# Co2 Info



## Toonsketcher (Jun 6, 2011)

I have a 75 gal tank that i have been aquascaping for quite some time now and i have ran across this subject numerous times. I have 15 Narrow Leaf Java Fern, 1 sword Harbich, 6 Vals Contortion, and 4 Anubias Frazeri. I want to get a co2 set up going but all i have is an S5 co2 diffuser, a co2 bubble counter, and a simple aquarium regulator. I know i need a co2 tank, check valve, and line but im not sure what else to get or how to start it going. Any help would be much appreciated. Thanks Zeke!... I have no idea what im getting into.


----------



## BV77 (Jan 22, 2005)

Flourish Excel does the same thing only cheaper.


----------



## Guest (Jun 8, 2011)

save urself some money and stay away from Flourish.

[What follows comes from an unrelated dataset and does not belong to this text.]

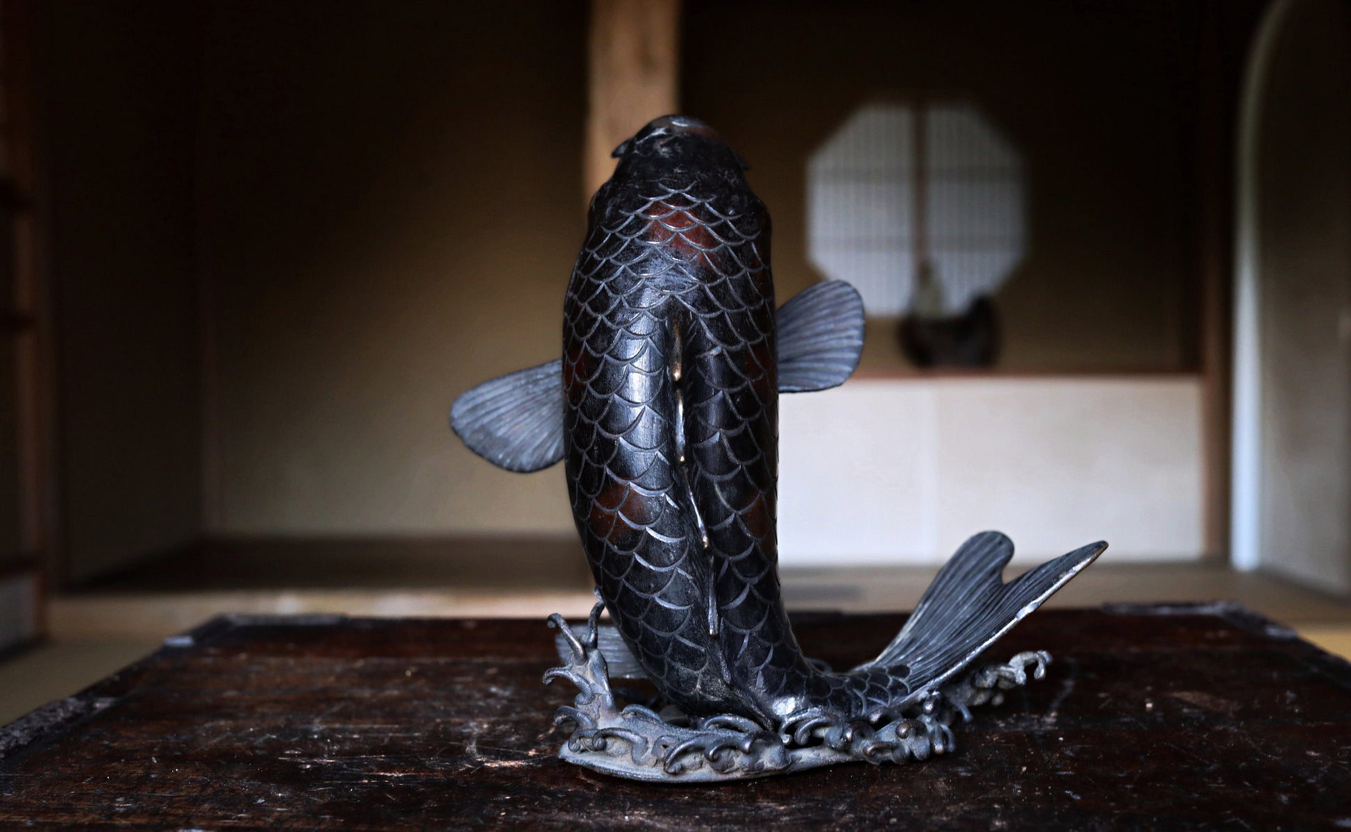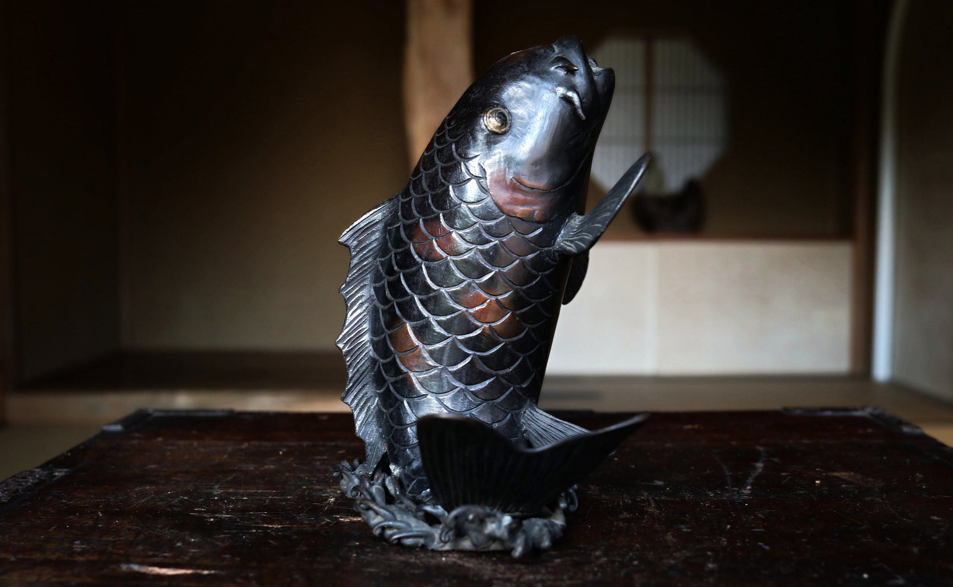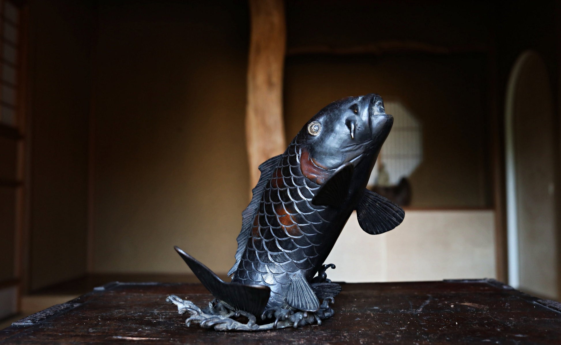 This was used as a fountain. There is a hole in the mouth, through which water comes out. It can be separated from the wave-shaped part, and the koi can be tilted at any angle you like. It can also stand on its own like a wave.

get Dry Fertilizer, will last u a yrs ... save urself money and stop buying Flourish.
DIY CO2 doesnt cost anything. go with it ... Bubble Counter = $5Ship
Drop Checker = $4Ship.


----------



## TheOldSalt (Jan 28, 2005)

With those particular plants, you really have no need for CO2; they're slow growing, low-light plants for the most part, and CO2 would only make algae grow.


----------



## Toonsketcher (Jun 6, 2011)

ok i tried to read up on it but i couldn't find anything so thank you very much everyone!


----------



## AquariumTech (Oct 12, 2010)

Ive actually seen that the right amount of c02 can keep algae away. I know flourish excel does too, but with those plants you have, well, they are pretty easy grows. If you really wanted to expand and upgrade (although unneeded) make sure your at least using T-5s or even better LEDs. Also plant substrate, and you can use one of those substrate or bed heaters. Also they have supplements that stake down in the gravel through plant roots. Theres a number of things you can do, but once again this is unnecessary.


----------



## Mikaila31 (Nov 29, 2009)

Flourish excel is an entirely synthetic product that has no natural role in the aquarium. Though it does work it is also well known for causing certain plants to melt and fish/shrimp to die. It is also not cheap at all. Someone mentioned dry fertilizers which is what I would recommend. I spend $30 every 2 years on fertilizers for about 75 gallons using the EI method for High light/pressurized CO2 use. 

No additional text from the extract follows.